_What to produce_
Transcribe the data in full and exactly, omitting any pictures.

---- Data excerpt

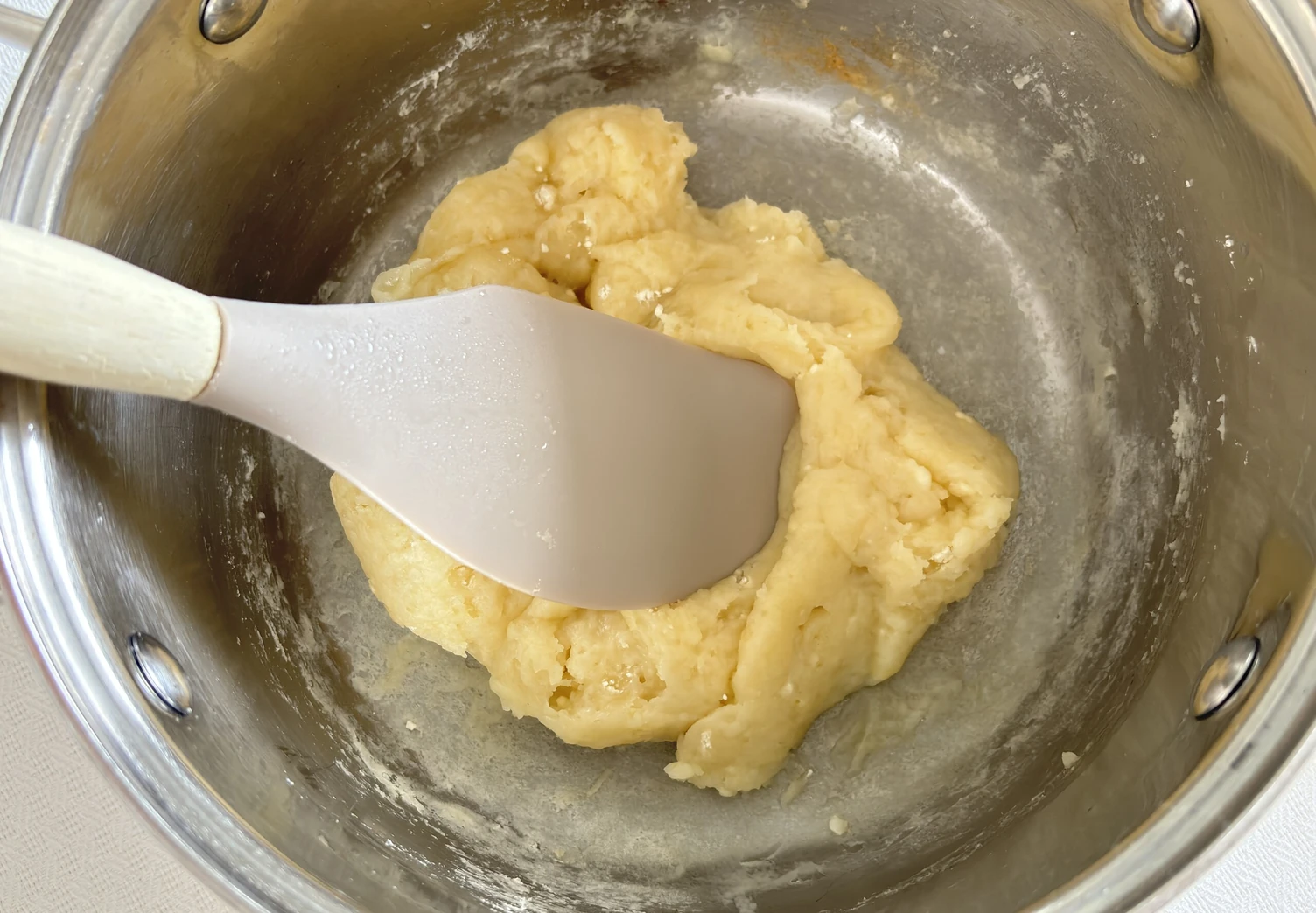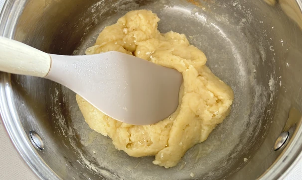 Когда масса начнёт кипеть, всыпьте муку и перемешайте. Заваривайте тесто до того момента, пока на дне сотейника не начнёт образовываться плёнка.
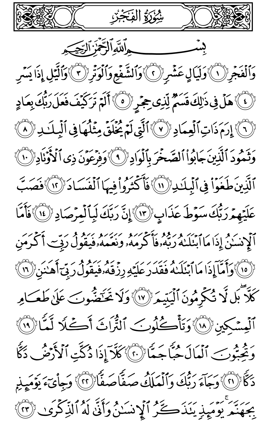 سورة الفجر (القراءة بصوت القارئ محمود خليل الحصري)
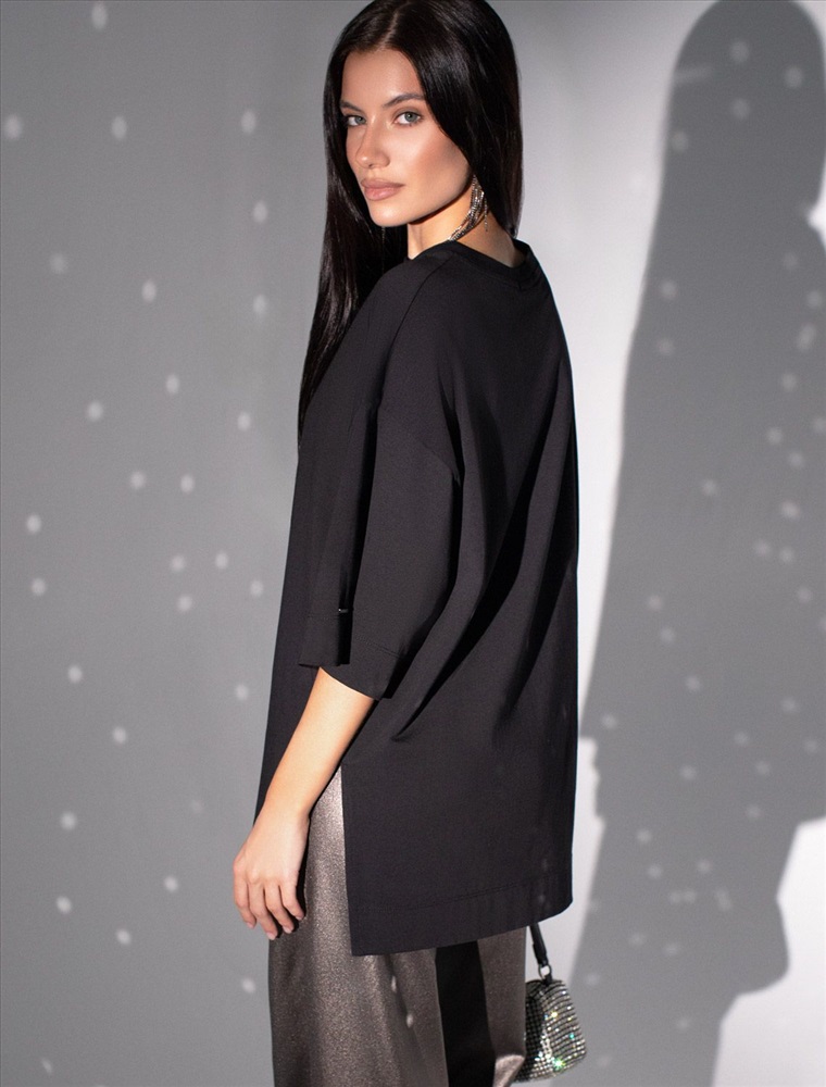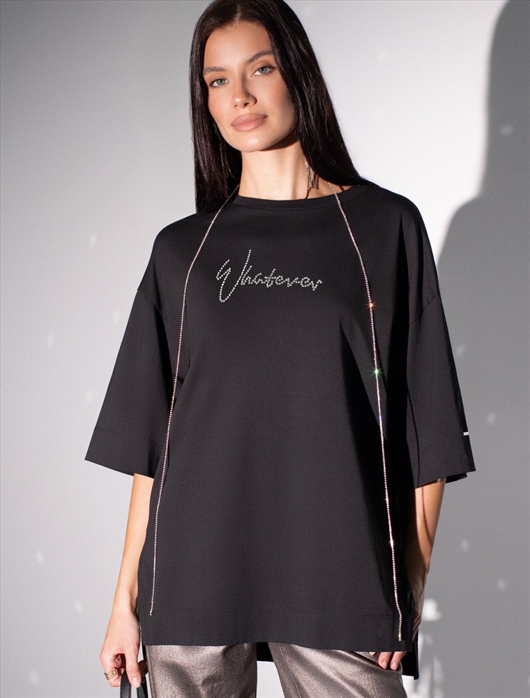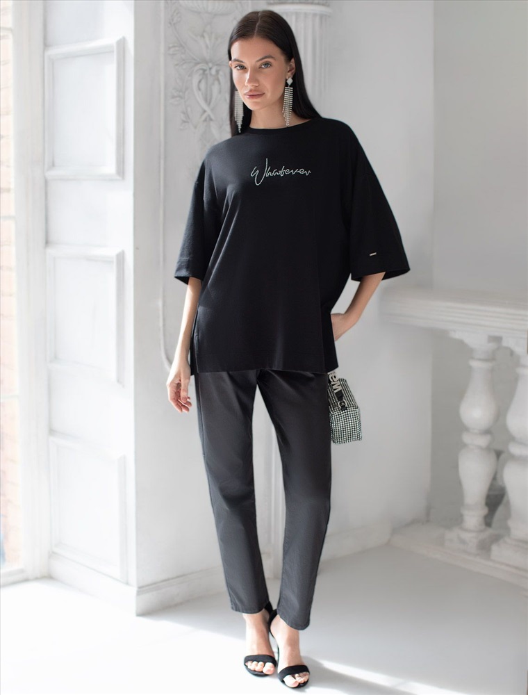 Оверсайз футболка черного цвета из премиального хлопка с добавлением эластана создана для комфорта и стиля каждый день. Натуральный материал приятный к телу, дышащая ткань хорошо держит форму и подходит для повседневной носки дома, в офисе или на прогулке. Классический свободный крой, удлиненный прямой силуэт и свободная посадка делают эту базовую футболку универсальным решением для любой фигуры и роста, включая плюс сайз размеры и беременных девушек, отлично скроет животик. Широкие рукава держат форму и подойдут на полные руки. Нарядная футболка украшена авторским принтом в виде надписи серебристыми стразами, которые создают красивый мерцающий эффект. Перевод надписи Whatever - Что бы ни... Такой акцент делает модель уместной как для особых случаев, так и для ежедневных образов.
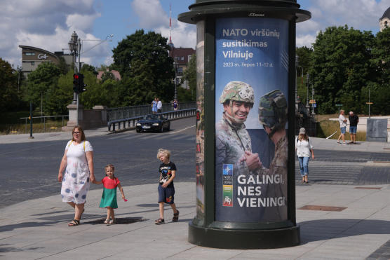Below: a poster announcing the NATO summit in Vilnius on 9 July 2023

--------

_Task solution_
 Когда масса начнёт кипеть, всыпьте муку и перемешайте. Заваривайте тесто до того момента, пока на дне сотейника не начнёт образовываться плёнка.
 سورة الفجر (القراءة بصوت القارئ محمود خليل الحصري)
 Оверсайз футболка черного цвета из премиального хлопка с добавлением эластана создана для комфорта и стиля каждый день. Натуральный материал приятный к телу, дышащая ткань хорошо держит форму и подходит для повседневной носки дома, в офисе или на прогулке. Классический свободный крой, удлиненный прямой силуэт и свободная посадка делают эту базовую футболку универсальным решением для любой фигуры и роста, включая плюс сайз размеры и беременных девушек, отлично скроет животик. Широкие рукава держат форму и подойдут на полные руки. Нарядная футболка украшена авторским принтом в виде надписи серебристыми стразами, которые создают красивый мерцающий эффект. Перевод надписи Whatever - Что бы ни... Такой акцент делает модель уместной как для особых случаев, так и для ежедневных образов.
Below: a poster announcing the NATO summit in Vilnius on 9 July 2023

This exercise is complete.